SOURCE MATERIAL Start Marker

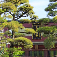This photo was taken at Kasama Inari Shrine, showing the pine trees and the shrine's torii gate.
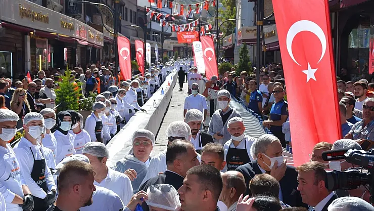 Afyonkarahisar, bugün tarihi dakikalara ev sahipliği yaptı. Dünyanın en uzun lokumu Afyonkarahisar'da, Uzun Çarşı'da yapıldı
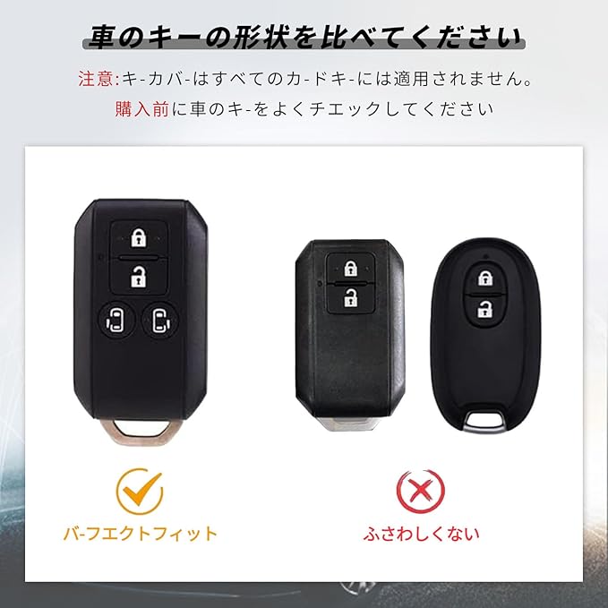 【適応車種】スズキ/suzuki専用 キーケース。新型ジムニー スペーシアカスタム フレアワゴン ソリオ リモコン に適合する。スマートキーとボタンの形状を必ずご確認ください(写真2枚目参照)。スマートキーの形状は、同じモデルでもモデルによって異なる場合があります。形状が合えば、上記以外の車種でも取り付け可能です。
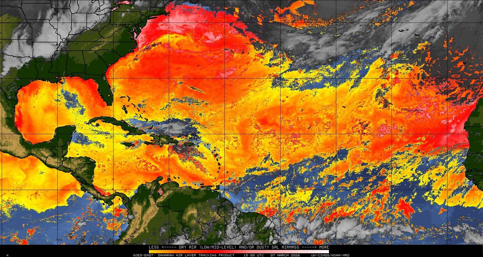 Il n’y a pas de cyclone ni de système surveillé par le NHC en Atlantique. Nous ne sommes pas actuellement en période cyclonique
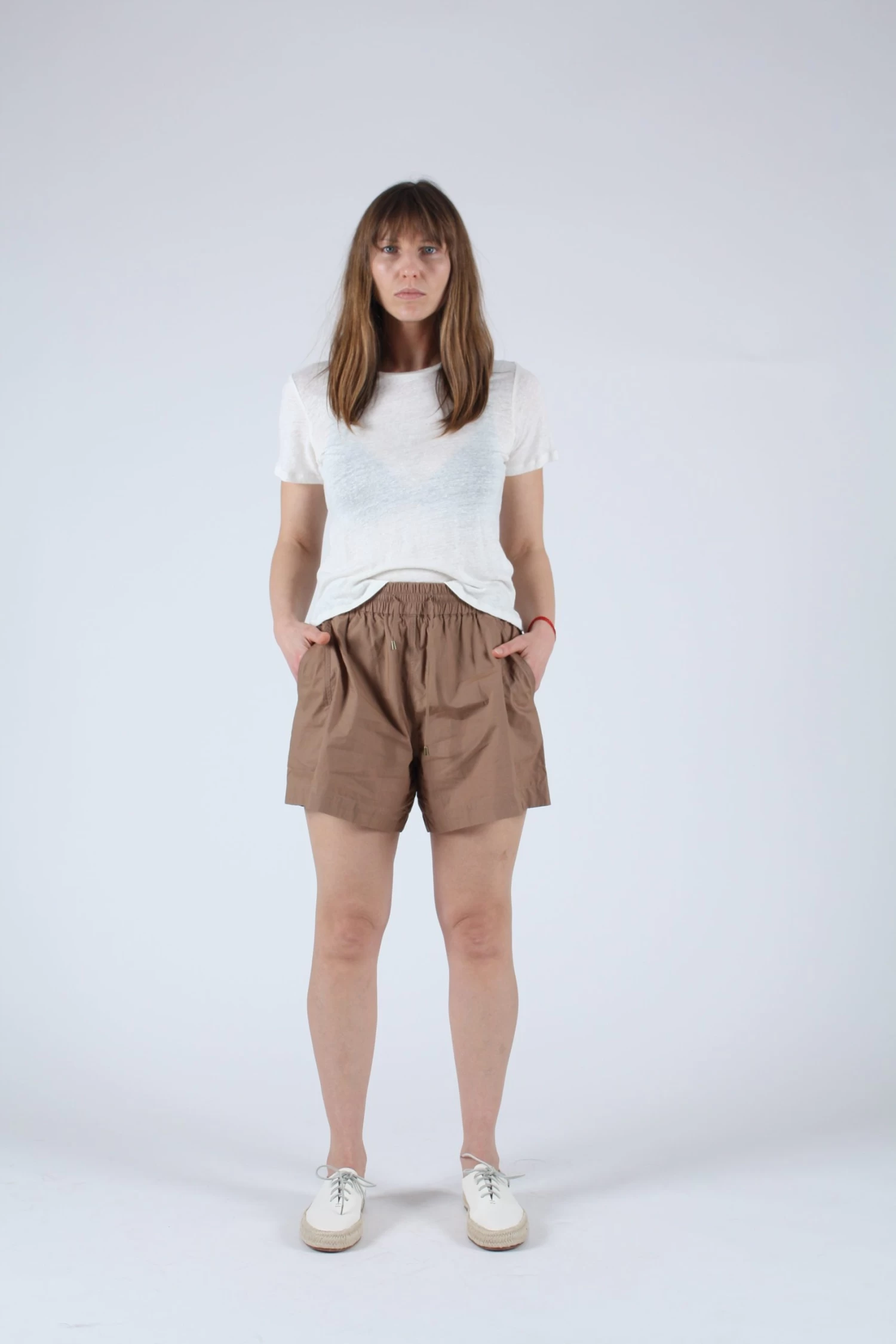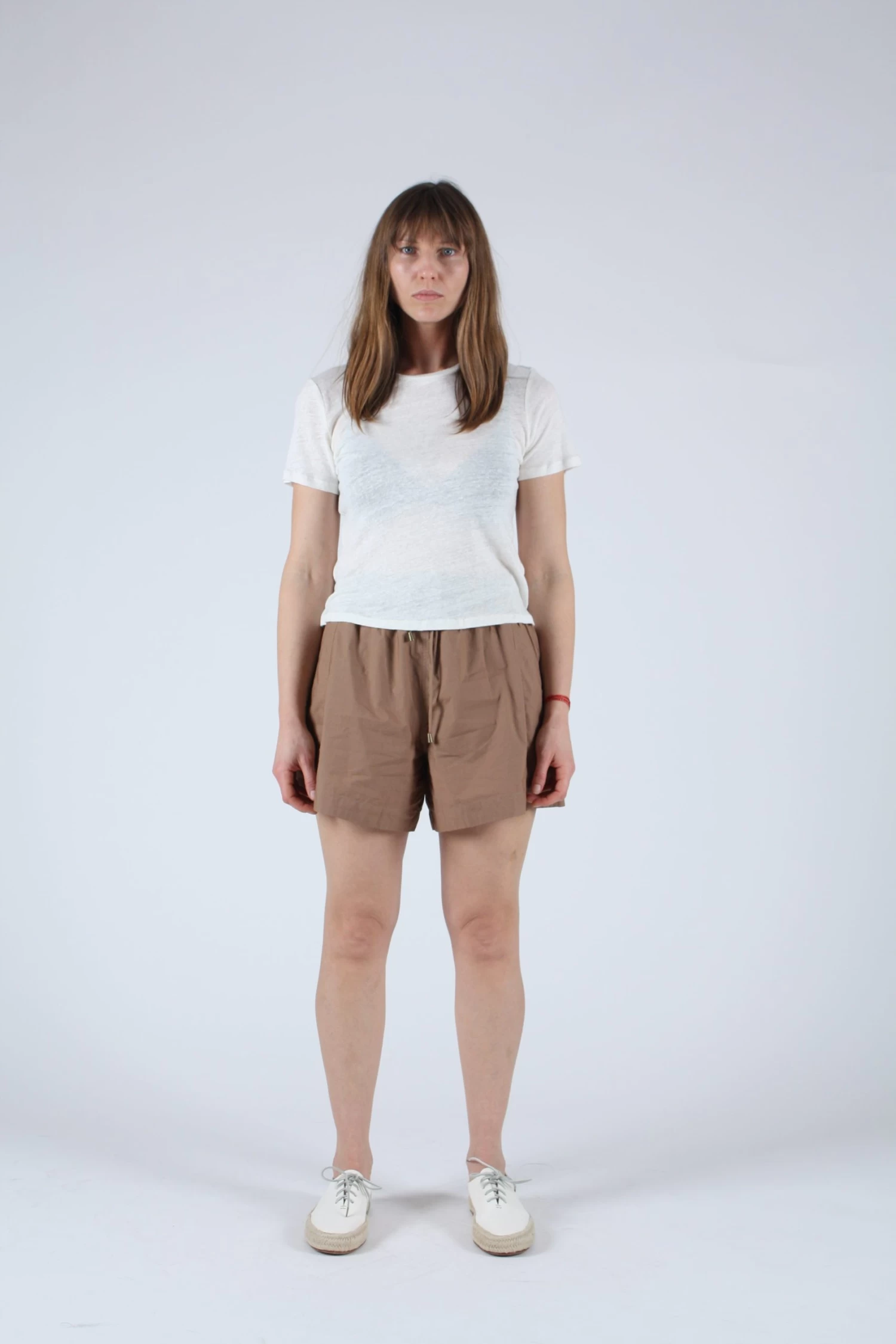 Airy, minimal and so easy to style. These high-rise shorts are made from crisp cotton with an elasticated waistband and simple drawstring tie.

SOURCE MATERIAL End Marker

Exactly reproduce the lines above, starting at the one that contains "Afyonkarahisar, bugün tarihi" and ending at the one that contains "キーケース。新型ジムニー スペーシアカスタム フレアワゴン", both inclusive; leave the pictures out and add no other lines.

# [RESPONSE TO THIS EXERCISE]
 Afyonkarahisar, bugün tarihi dakikalara ev sahipliği yaptı. Dünyanın en uzun lokumu Afyonkarahisar'da, Uzun Çarşı'da yapıldı
 【適応車種】スズキ/suzuki専用 キーケース。新型ジムニー スペーシアカスタム フレアワゴン ソリオ リモコン に適合する。スマートキーとボタンの形状を必ずご確認ください(写真2枚目参照)。スマートキーの形状は、同じモデルでもモデルによって異なる場合があります。形状が合えば、上記以外の車種でも取り付け可能です。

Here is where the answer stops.